Mr. Moorcroft, after all the dangers, delays, and vexations occasioned by the monster of Kunduz, confesses that he had lost count of the course of time;' but it was on the 1st February, 1824, that he came to the district of Mazar. He halted at the city, and thence proceeded to Balkh, which he describes pretty much as Burnes did ten years afterwards. From Balkh he advanced towards Bokhara, crossing the Oxus at the ferry of Khwaja Salah, the river being here about as wide as the Thames opposite the Temple Gardens. The boats were tracked across by horses swimming, the river in places being five fathoms deep. He then halted at Karsh, a town inferior only to Bokhara. Proceeding thence over a cultivated strip of ground on which the city stands, he says, 6 we again came to a sandy and sterile tract, less undulating than that nearer the river, but equally unproductive. It was with no slender satisfaction that on the morning of the 25th February, 1825, we found ourselves at the end of our protracted pilgrimage, at the gates of that city (Bokhara) which had for five years been the object of our wanderings, privations, and perils.'And here also ends the present work.

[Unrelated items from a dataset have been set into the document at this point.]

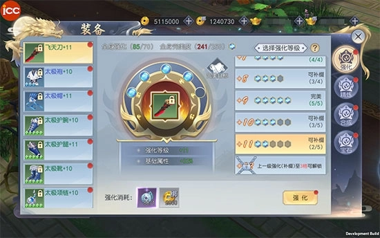 装备等级提升可强化、精炼等级也随之提升。
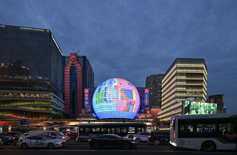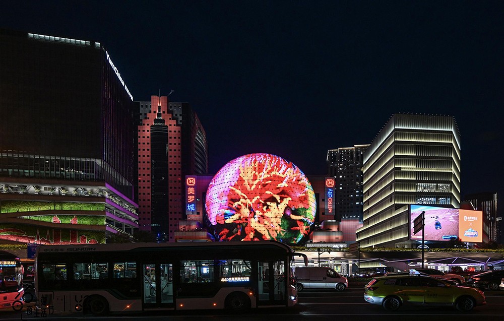 不仅如此,今年“夜次元——夜道碰头”艺术项目还在美罗城设置了一处特别单元,名为“光之乐 | Sound of Lights”。在我们日常所触的信息流中,视觉与听觉通常相伴出现,听觉往往成为视觉的补充与诠释,成为信息传达的配角媒介。此次项目在无法播放声音的表现媒介中尝试以声音为创作主体,由长期活跃在新媒体与影像视听艺术领域的毕振宇、分号C、李政钟+念子轩、苗晶、莫佳青、沈琪与王志鹏,各自挑选一段旋律送给城市的夜晚,并将其以视觉作品的形式在美罗城的“美罗元宇宙”球形屏幕上呈现。令视觉成为声音的传达工具,以期触发一场跨感官的奇妙体验,让观者在视觉的绚烂中“听见”艺术家送给城市的夜语。
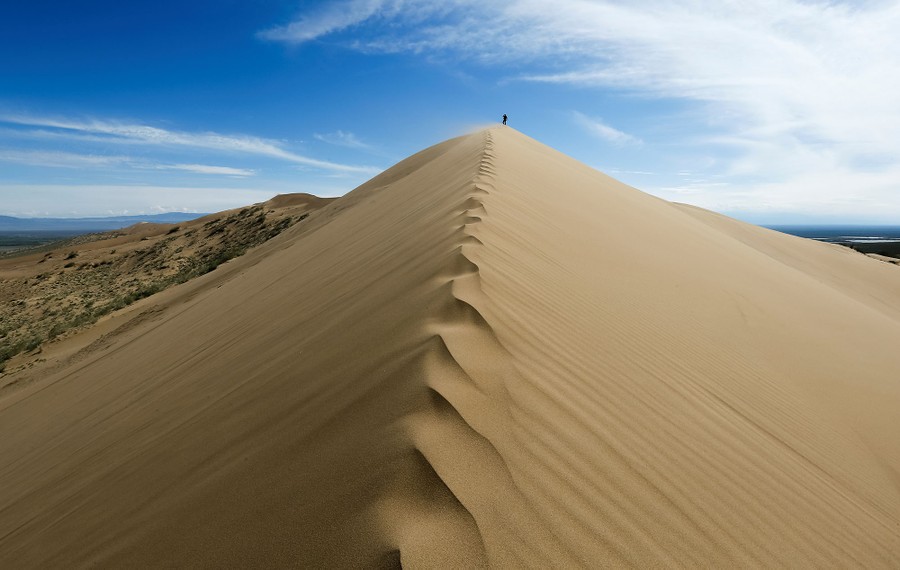 Read moreA tourist stands at the edge of the Singing Sand Dunes. Here, a large 495 foot (150 meter) dune which is famous for the noises it produces, in Altyn-Emel National Park in Kazakhstan's Almaty region, on May 12, 2016. #
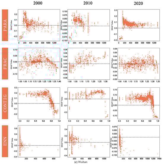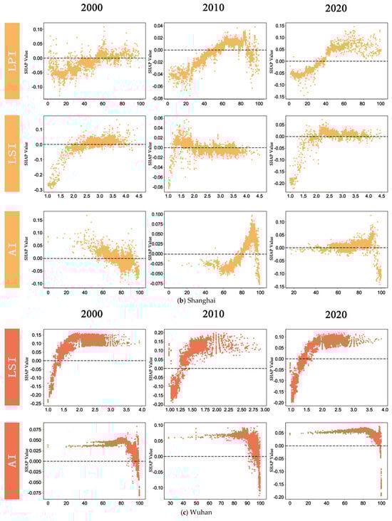 Finally, differences in the responses of aggregation index (AI) and SPLIT highlighted the influence of urban development stages and planning strategies. In Shanghai, AI was positively correlated with NPP, reflecting the city’s efforts to enhance landscape integrity through ecological corridors and wetland conservation [41]. In contrast, Wuhan’s rapid urbanization induced severe landscape fragmentation, resulting in a negative correlation between AI and NPP. This comparison underscores the urgency of protecting and restoring blue–green spaces during urban expansion and demonstrates the potential of planning interventions to regulate carbon sequestration outcomes. Importantly, these differentiated SHAP-derived responses reveal that planning strategies can quantitatively reshape the ecological performance of urban landscapes, offering evidence-based insights for climate-resilient urban design.

The reason assigned by Professor Wilson for breaking off the narrative thus abruptly, is as follows:

'Mr. Moorcroft remained at Bokhara nearly five months, but the notes which he has left of his residence are so very desultory and imperfect, and so much superseded by subsequent publications, that I have

thought

thought it advisable to close the account of the journey with his arrival at that city. He was received by the King with as much kindness as could be expected from Mir Hyder, a selfish, sensual, and narrow-minded bigot, and, after various difficulties, arising from the meanness and cupidity, chiefly, of the monarch himself, disposed of part of his goods, and effected the purchase of a number of valuable horses, with which he purposed to return to Hindustan. After crossing the Oxus on his way back, about the 4th or 5th August, 1825, Mr. Moorcroft determined to deviate from the road, in order to go to Maimana, where he understood it was likely that he should be able to make important additions to his stock of horses. "Before I quit Turkistan," he writes from Bokhara, "I mean to penetrate into that tract which contains, probably, the best horses in Asia, but with which all intercourse has been suspended during the last five years. The experiment is full of hazard, but le jeu vaut bien la chandelle." His life fell a sacrifice to his zeal. At Andhko, where he spent some days in effecting purchases, he was taken ill with fever, and died.'-Preface, pp. xlvi., xlvii.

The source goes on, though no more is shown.